* [Records for the exercise]
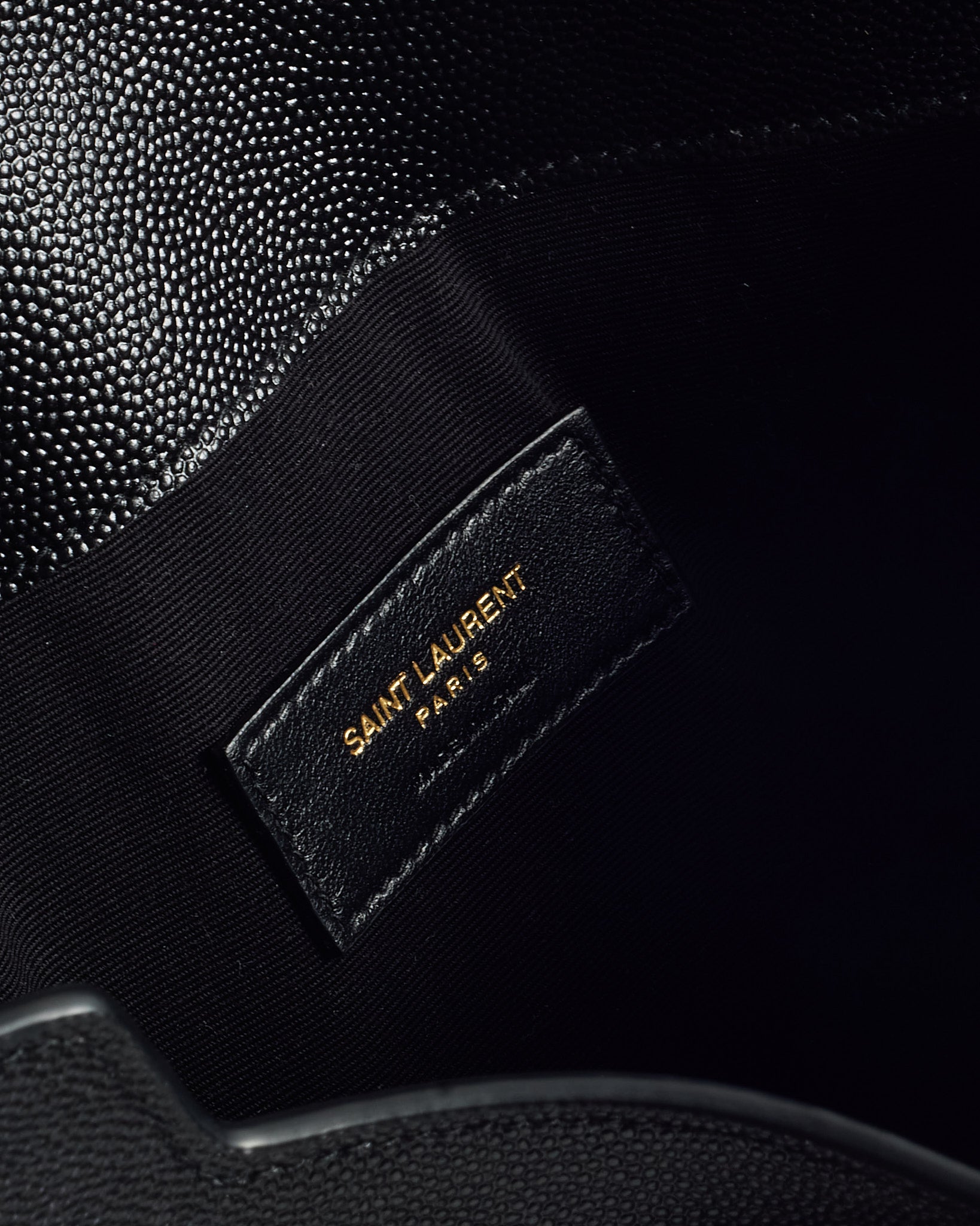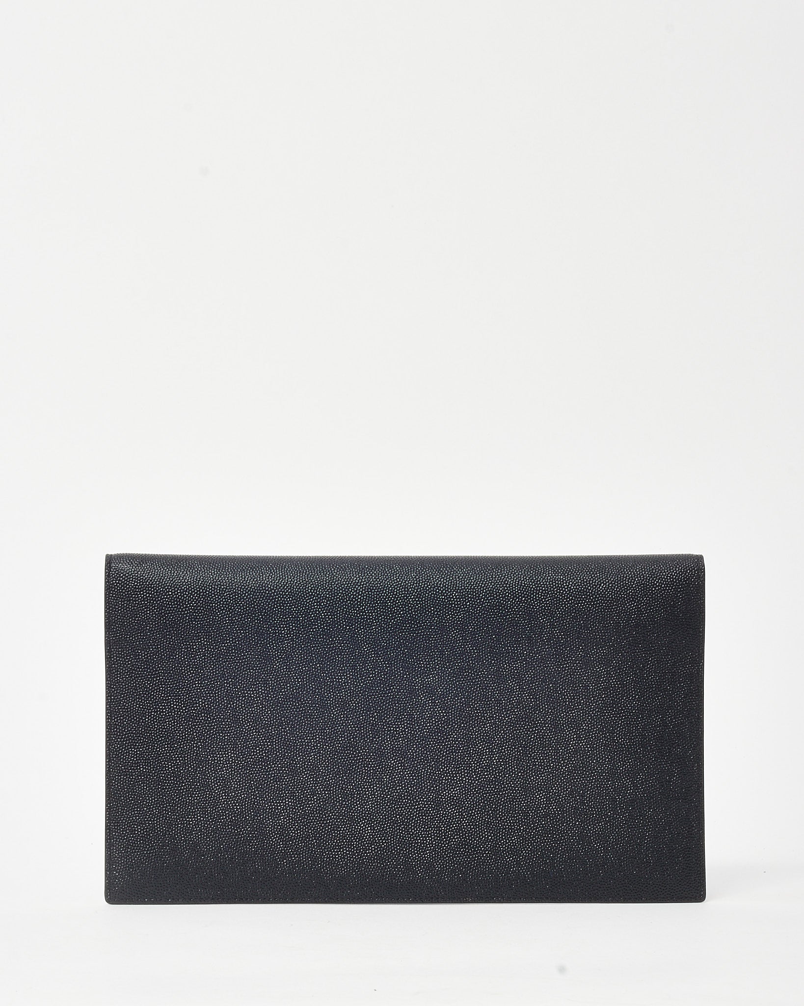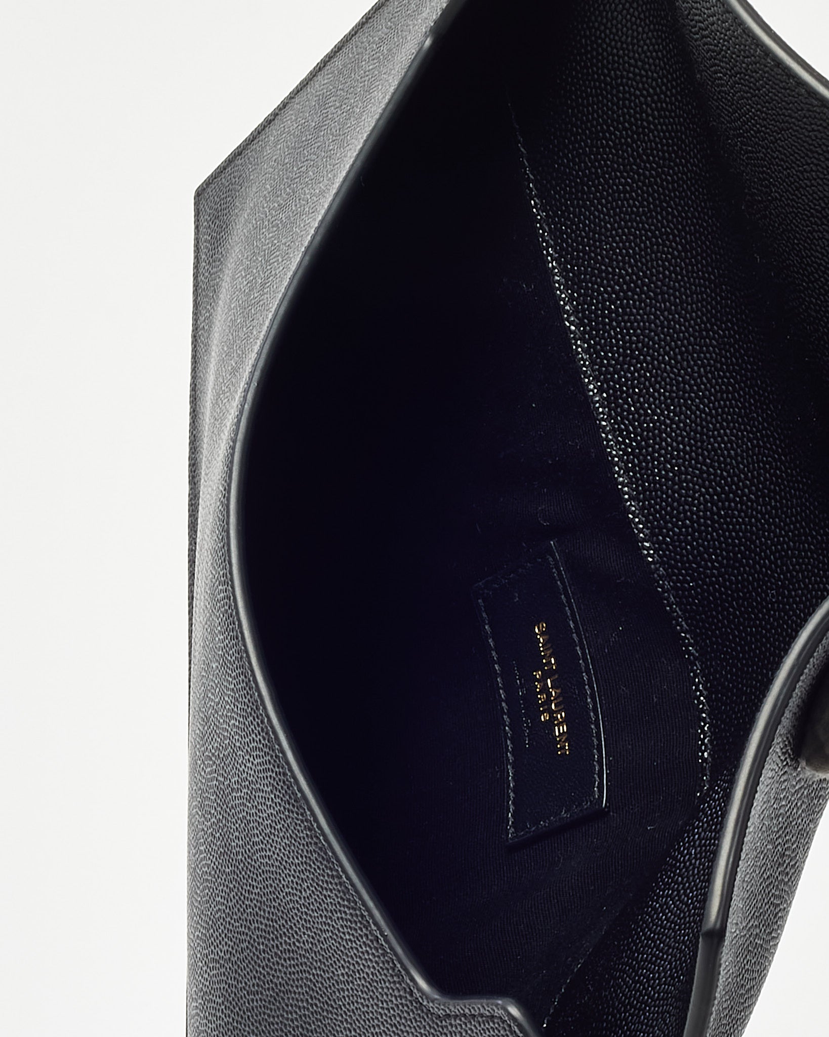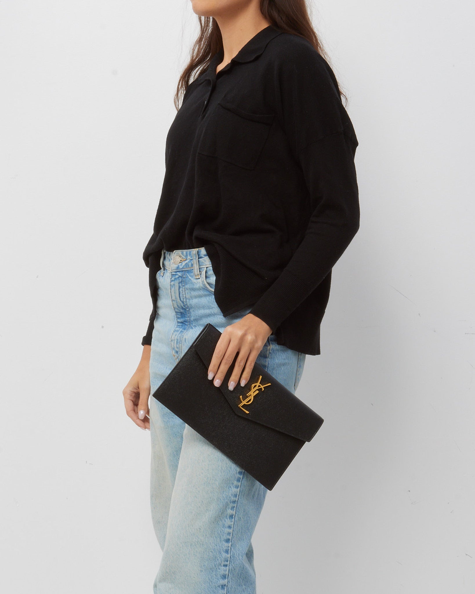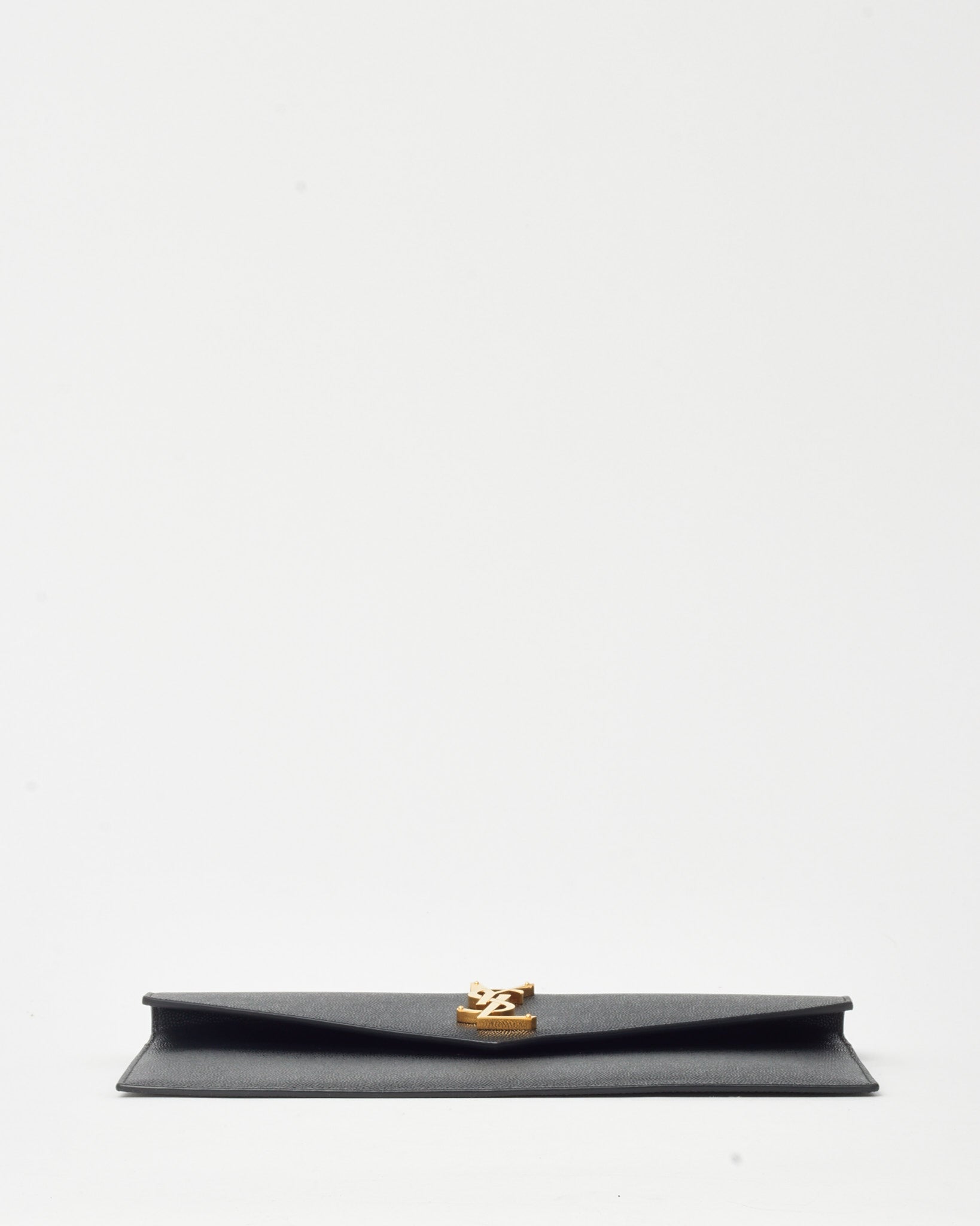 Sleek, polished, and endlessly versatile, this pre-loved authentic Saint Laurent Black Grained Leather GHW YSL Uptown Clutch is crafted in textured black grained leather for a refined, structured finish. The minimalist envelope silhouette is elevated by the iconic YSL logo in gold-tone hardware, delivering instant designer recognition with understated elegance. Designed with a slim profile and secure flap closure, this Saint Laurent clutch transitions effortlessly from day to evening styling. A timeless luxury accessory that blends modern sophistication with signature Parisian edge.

---

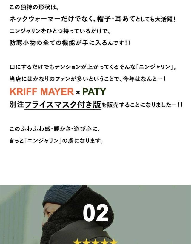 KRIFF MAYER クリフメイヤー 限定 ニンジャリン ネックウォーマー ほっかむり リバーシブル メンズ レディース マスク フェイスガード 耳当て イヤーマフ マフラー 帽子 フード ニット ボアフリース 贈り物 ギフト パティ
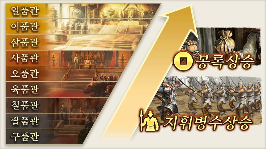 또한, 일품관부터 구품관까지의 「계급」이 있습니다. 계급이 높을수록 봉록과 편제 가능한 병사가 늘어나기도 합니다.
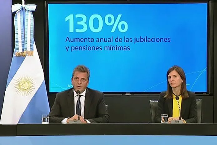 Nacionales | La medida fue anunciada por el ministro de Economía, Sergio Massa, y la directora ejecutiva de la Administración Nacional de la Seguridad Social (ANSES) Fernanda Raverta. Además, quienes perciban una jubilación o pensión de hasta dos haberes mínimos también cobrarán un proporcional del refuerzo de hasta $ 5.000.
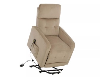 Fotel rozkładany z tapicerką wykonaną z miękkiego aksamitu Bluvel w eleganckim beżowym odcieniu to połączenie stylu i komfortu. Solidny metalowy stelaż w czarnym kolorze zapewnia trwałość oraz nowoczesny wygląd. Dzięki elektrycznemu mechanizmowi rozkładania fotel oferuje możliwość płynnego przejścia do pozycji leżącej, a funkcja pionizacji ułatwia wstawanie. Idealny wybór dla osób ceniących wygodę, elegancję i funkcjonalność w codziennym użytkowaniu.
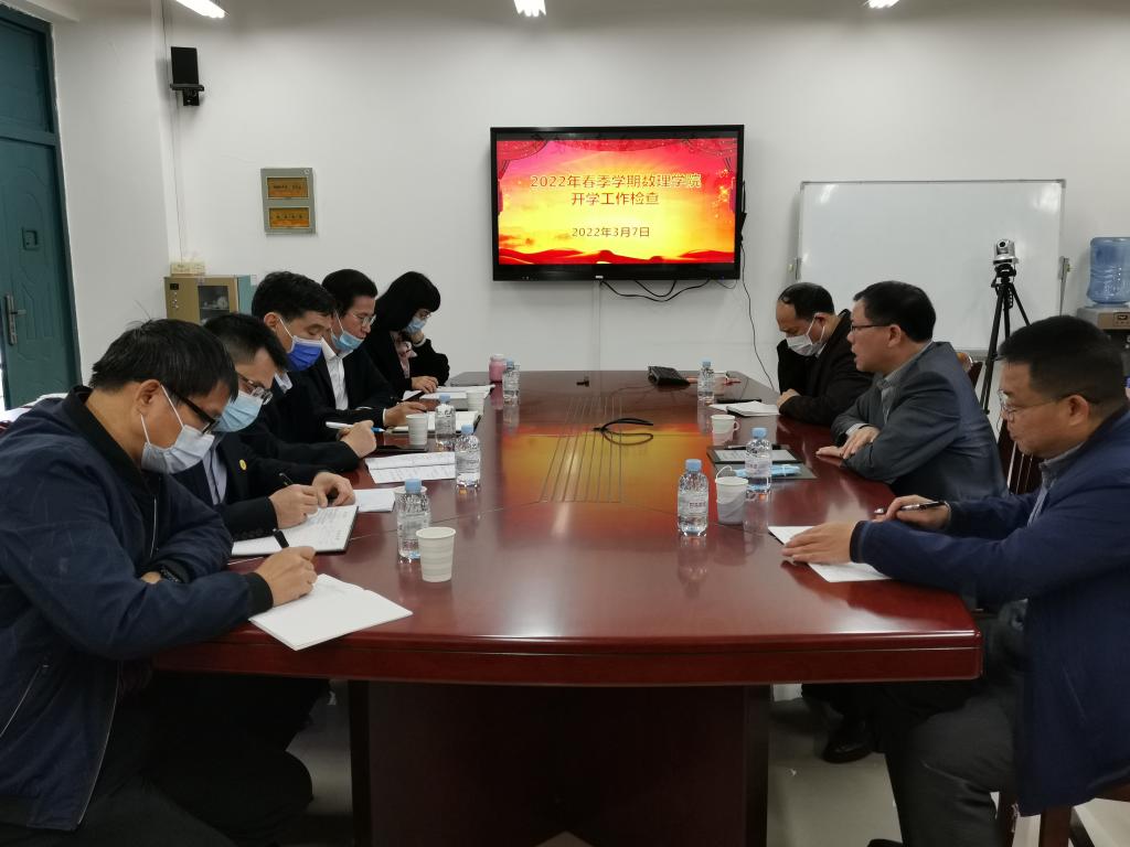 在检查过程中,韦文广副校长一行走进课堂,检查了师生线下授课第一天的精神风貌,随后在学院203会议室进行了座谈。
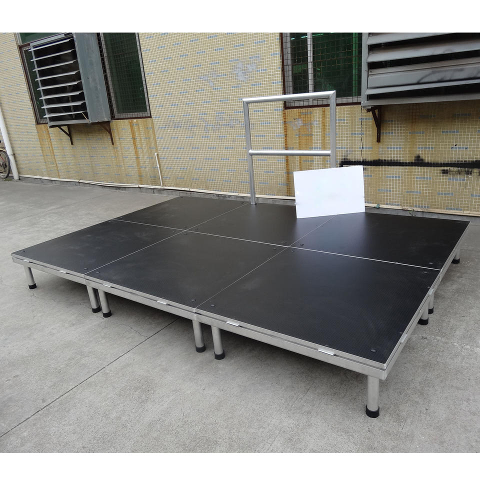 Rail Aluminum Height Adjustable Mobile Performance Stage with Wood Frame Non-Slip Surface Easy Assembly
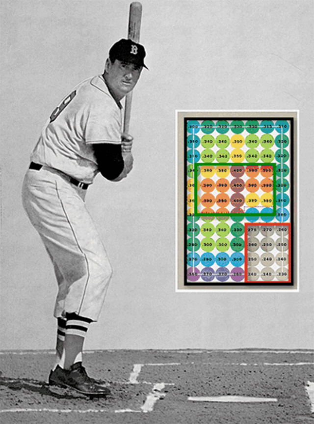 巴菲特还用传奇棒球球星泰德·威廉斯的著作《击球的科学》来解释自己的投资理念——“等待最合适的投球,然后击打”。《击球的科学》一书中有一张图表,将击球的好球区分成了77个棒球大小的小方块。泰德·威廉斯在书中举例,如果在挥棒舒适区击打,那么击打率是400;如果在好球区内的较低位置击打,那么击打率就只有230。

* [Exercise]
Take the material above and output only the lines from the one that contains "Rail Aluminum Height" through the one that contains "巴菲特还用传奇棒球球星泰德·", ends included and images left out.

* [Task output]
 Rail Aluminum Height Adjustable Mobile Performance Stage with Wood Frame Non-Slip Surface Easy Assembly
 巴菲特还用传奇棒球球星泰德·威廉斯的著作《击球的科学》来解释自己的投资理念——“等待最合适的投球,然后击打”。《击球的科学》一书中有一张图表,将击球的好球区分成了77个棒球大小的小方块。泰德·威廉斯在书中举例,如果在挥棒舒适区击打,那么击打率是400;如果在好球区内的较低位置击打,那么击打率就只有230。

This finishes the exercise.